How They Compare to TNF Inhibitors
TNF inhibitors (like adalimumab and etanercept) have been the standard biologic treatment for rheumatoid arthritis for over two decades. A meta-analysis comparing JAK inhibitors head-to-head with TNF inhibitors found that JAK inhibitors produced a statistically significant improvement in physical function scores. They also showed superior disease activity reduction overall. However, the two classes performed similarly on some measures, including composite disease activity scores and patient-reported global assessments. For many patients, JAK inhibitors are positioned as a second-line option after TNF inhibitors, partly because of the safety concerns described below.
Safety Risks and FDA Warnings
JAK inhibitors carry a boxed warning, the FDA’s most serious safety label. This followed a large clinical trial of tofacitinib that revealed increased risks of serious cardiovascular events (heart attack, stroke), blood clots, cancer, and death compared to TNF inhibitors. The hazard ratio for cardiovascular events was 1.33, meaning the risk was about a third higher with tofacitinib. For cancers (excluding common skin cancers), the hazard ratio was 1.48. Lymphoma and lung cancer occurred more frequently, and the lung cancer risk was particularly elevated in current or former smokers.
Because baricitinib and upadacitinib share the same mechanism as tofacitinib, the FDA extended the boxed warning to those drugs as well, even though they haven’t been studied in a comparable large safety trial. Blood clots, including pulmonary embolism and deep vein thrombosis, were another notable risk, with evidence of a dose-dependent relationship: higher doses carried greater risk.
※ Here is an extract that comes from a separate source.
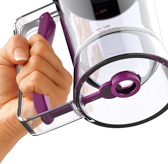 • PRODUCT DETAILS – Materials: Plastic. Dimensions: (L) 6.75″ x (W) 4.25″ x (H) 7.25″. Capacity: 4 Cups or 900mL. Color: Purple.

Blood Tests and Monitoring
Before starting a JAK inhibitor, your doctor will order a set of baseline blood tests. These typically include a complete blood count (checking your white blood cells, red blood cells, and platelets), a cholesterol panel, liver enzyme levels, and a kidney function test. Kidney function matters because it determines your starting dose; reduced kidney function usually means a lower dose.
You’ll repeat most of these tests between 8 and 12 weeks after starting treatment. This window catches the majority of patients who are susceptible to drug-related changes in blood counts or cholesterol. JAK inhibitors commonly raise LDL cholesterol, so your lipid levels will be tracked. If your results at that 8-to-12-week check are stable and unremarkable, ongoing routine lab monitoring is generally unnecessary for conditions like atopic dermatitis, though your doctor may continue periodic checks based on your individual risk factors. For rheumatoid arthritis and other systemic inflammatory conditions, monitoring intervals may be more frequent given the higher-risk patient population.